- Learning Pentaho Data Integration 8 CE(Third Edition)
- María Carina Roldán
- 495字
- 2025-04-04 17:49:50
Understanding the PDI rowset
Transformation deal with datasets or rowsets, that is, rows of data with a predefined metadata. The metadata tells us about the structure of data, that is, the list of fields as well as their definitions. The following table describes the metadata of a PDI dataset:

These metadata concepts shouldn't be new to you. Let's look at some examples:
- Recall the Hello World Transformation. You created a dataset with a Data Grid step. In the main tab, you defined the metadata (in that case you had only one field) and in the second tab, you entered the rows with data.
- In the Transformation of projects, you defined the dataset with a CSV file input step. In the grid, you defined the metadata: one string and two dates. In this case, the data was read from a file.
In Spoon, data is presented in a tabular form, where:
- Each column represents a field.
- Each row corresponds to a given member of the dataset. All rows in a dataset share the same metadata definition, that is, all rows have the same fields in the same order.
The following screenshot is an example of this.
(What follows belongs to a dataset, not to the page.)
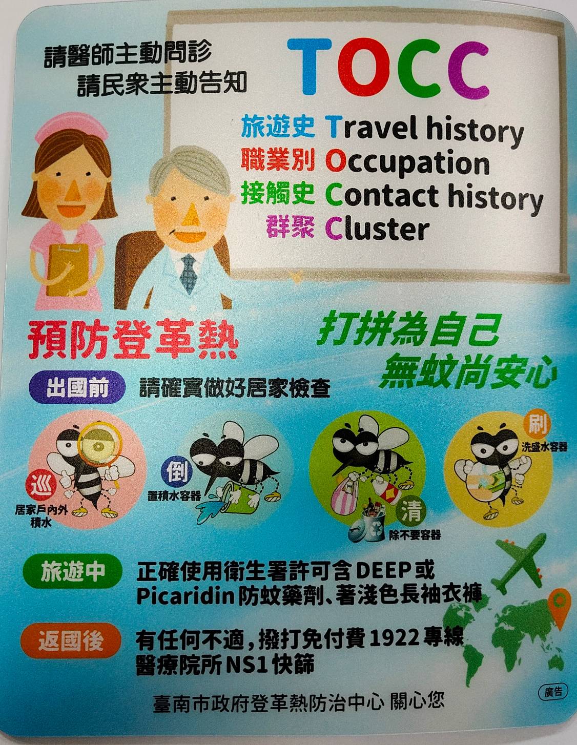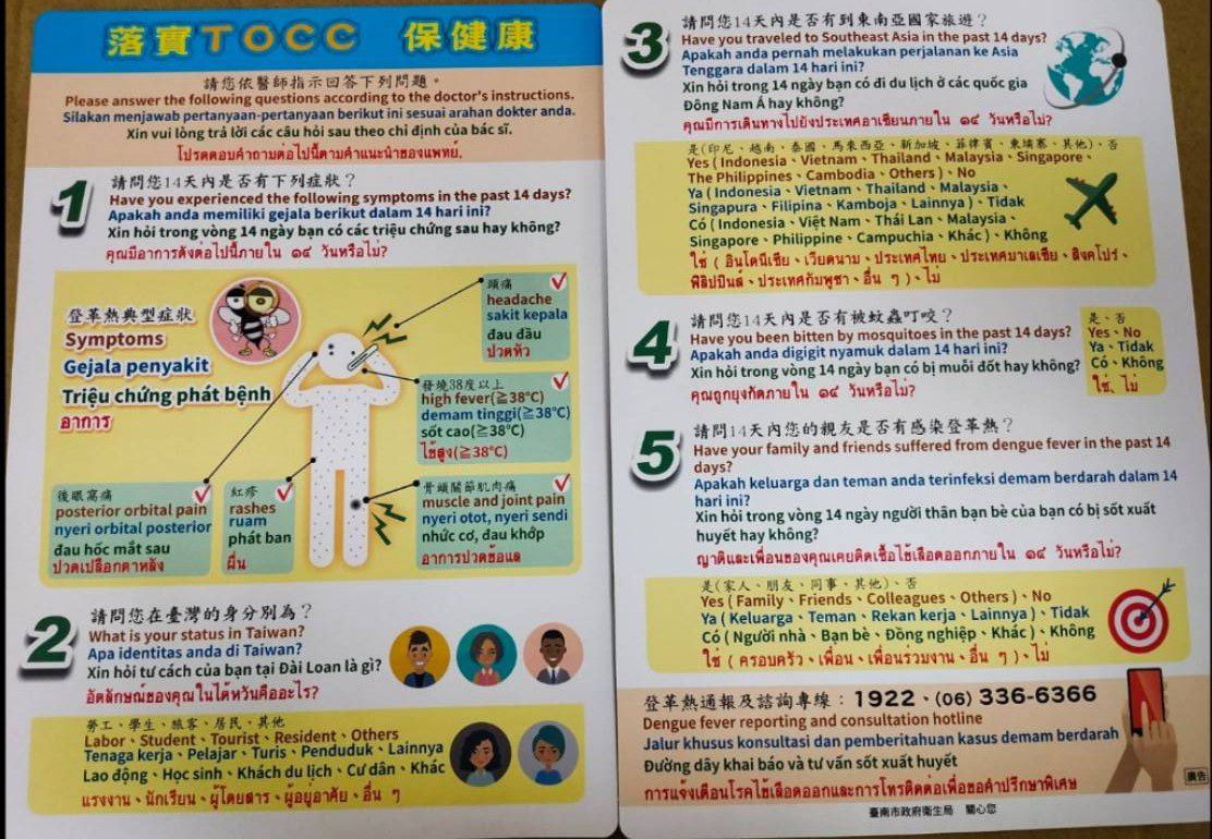 登革熱防治中心吳昭慧副執行秘書籲請民眾及醫療機構,加強就醫、即時快篩和通報警覺性,應主動詢問並落實T.O.C.C.(旅遊史、職業別、接觸史、群聚情形)告知及問診,若民眾就診時有流行區旅遊史,出現發燒並伴隨以下任兩項症狀(如皮疹、噁心、嘔吐、頭痛、眼窩後疼痛、肌肉痛、關節痛或骨頭痛)時,請即刻使用登革熱NS1快篩試劑檢測,並於24小時內依《傳染病防治法》第39條規定完成通報。

It is the result of the preview in the Calculator step in the Transformation of projects:

Sample rowset
In this case, you have four columns representing the four fields of your rowset: project_name, start_date, end_date, and diff_dates. You also have five rows of data, one for each project.
In the preview window of a rowset, you can see the field name and the data itself. If you move the mouse cursor over a column title (or click on any value in that column) and leave it there for a second, you will see a small pop up telling you the data type of that field:

Column data type
For getting full details of the metadata, there is another option. Move the mouse cursor over the first of the Calculator steps and press the spacebar. A window named Step fields and their origin will appear:

Step fields and their origin
Alternatively, you can open this window from the contextual menu available in the mouseover assistance toolbar, or by right-clicking on the step. In the menu, you have to select the Show output fields option.
As the name of the option suggests, it describes the fields leaving the step towards the next step. If you selected Show input fields instead, you would see the metadata of the incoming data, that is, data that left the previous step.
One of the columns in these windows is Step origin. This column gives the name of the step where each field was created or modified. It's easy to compare the input fields against the output fields of a step. For example, in the Calculator step, you created the field diff_dates. This field appears in the output field of the step but not in the input list, as expected.